The Centre has also eased several conditions under the ‘tied’ component of the loan including the one related to ‘own capex’ achievement by the states. As per the original criteria, the Centre allocated Rs 25,000 crore as an incentive for states’ capex performance: 50% for achieving over 10% on-year capex growth in FY24 and the balance 50% for achieving over 10% growth in the first six months of FY25. Funds would be allocated among states in proportion to their share of central taxes and duties as per the award of the 15th Finance Commission.
The amendment to the condition says that in addition to states who qualify for incentives for achieving more than 10% growth in capital expenditure in the first half of 2024-25, states who achieve growth rate of more than 10% in Q2 plus Q3 (July to December 2024) of 2024-25 or in the first three quarters of 2024-25 over the growth rate in the corresponding period of 2023-24, will also be considered for grant of incentives.
Among others, the Centre also amended conditions related to urban and rural infrastructure projects and incentives for implementation of the SNA SPARSH Model for Just-in-Time release of funds under centrally sponsored schemes. These would ensure that loans earmarked for these purposes would be fully utilised by states.

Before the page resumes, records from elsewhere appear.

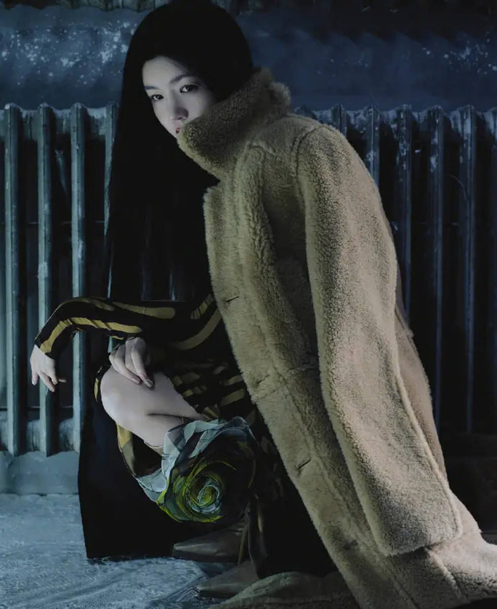 妆容与造型的精准适配,让整体风格更具完整性。陈妍希采用了深邃冷艳的暗黑系妆容,底妆通透服帖,呈现出细腻的哑光质感,与暗黑风的冷冽基调相契合。眼妆是妆容的核心,深邃的大地色眼影叠加黑色眼线,眼尾微微上扬并拉长,自带魅惑气场,睫毛纤长浓密,放大双眼的同时增添了几分神秘感;眉妆采用平直眉型,线条利落干练,弱化了往日的温柔感,强化了御姐的冷艳气质;唇妆选用复古正红色,哑光质地凸显高级感,与黑裙、皮草形成色彩呼应,让整体造型从色彩到风格形成完整闭环。妆容整体精致却不厚重,既突出了五官的立体度,又与服装造型完美融合,让冷艳御姐的形象更显立体。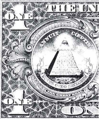 Figure 28: The All Seeing Eye on the dollar bill. The Pyramid and All Seeing Eye, the ancient Brotherhood symbol, on the dollar bill and the reverse of the Great Seal of the United States.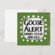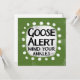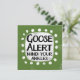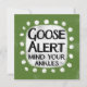 An irreverently weird typographic animal design that says "Goose Alert, Mind Your Ankles". It features black and red text on a white rectangle with funky, playful white dots surrounding it, all on a grey background.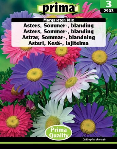 Ettårig. Får blommor i vita, rosa och lila nyanser. Gul mitt. Upprätt växt. Lämplig för rabatten, som kantväxt och i krukor. Väl lämpad som snittblomma.Callistephus chinensis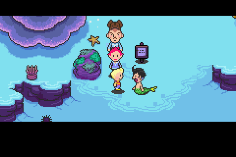 Честно говоря, я был крайне удивлён, что эта серия не вернулась в инфополе после выхода Undertale. Они прям до жути похожи, в плане умора так точно. Например, в одном месте дорогу Лукасу (он главный герой) будет закрывать огромный камень, но сдвинуть его довольно просто - нужно просто попросить его отойти в сторону, он без проблем уступит вам дорогу. За ним будут ещё всякие камни, два из них будут согласны двигаться только влево и вправо, а третий только вперёд и назад, нужно правильно поговорить с ними чтобы они открыли дорогу перед вами.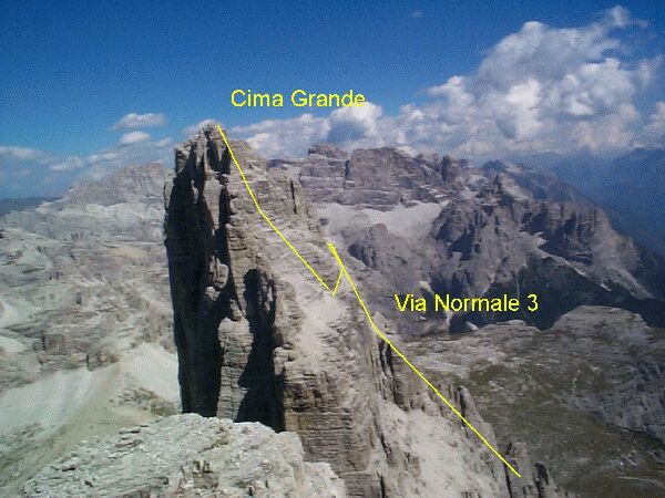 Cima Grande z vrcholu Cima Ovest. (z oblasti blízko vrcholu sejmuta šedá barva pro pozadí této části stránek)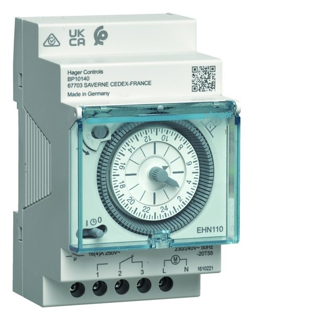 Interrupteur horaire électromécanique 1 voie sur 24 heures sans réserve - HAGER EHN110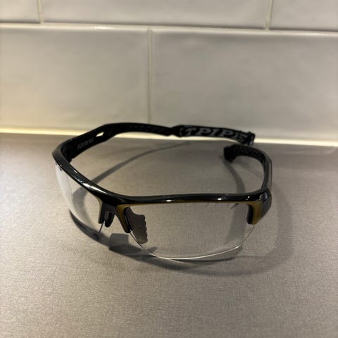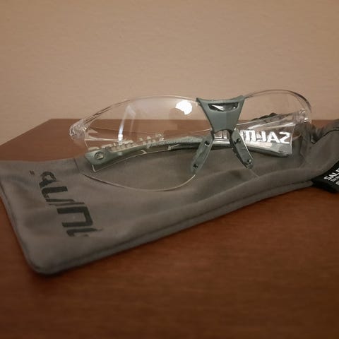 Sportglasögon i svart med transparenta linser. Bågarna har en sportig, omslutande form som ger god täckning runt ögonen. Glasögonen levereras med ett vitt fodral med dragkedja för förvaring och skydd när de inte används.

A new part has been introduced under tied loans that earmarks Rs 5,000 crore loans to states which have undertaken or undertaking urban planning reforms in FY25.
The release of funds is very fast this year under the scheme, especially in the last two to three months, a pleasantly surprised senior official of one of the state governments said. Last fiscal, the Centre could release Rs 1,05,551 crore or 70% of the outlay of Rs 1.5 lakh crore as many states could not meet the conditionalities strictly enforced by the Centre.
The Centre’s capex declined by over 12% in April-November of the current financial year. Analysts estimated that the Centre’s capex could fall short of the FY25 target of Rs 11.11 lakh crore by Rs 1-1.5 lakh crore.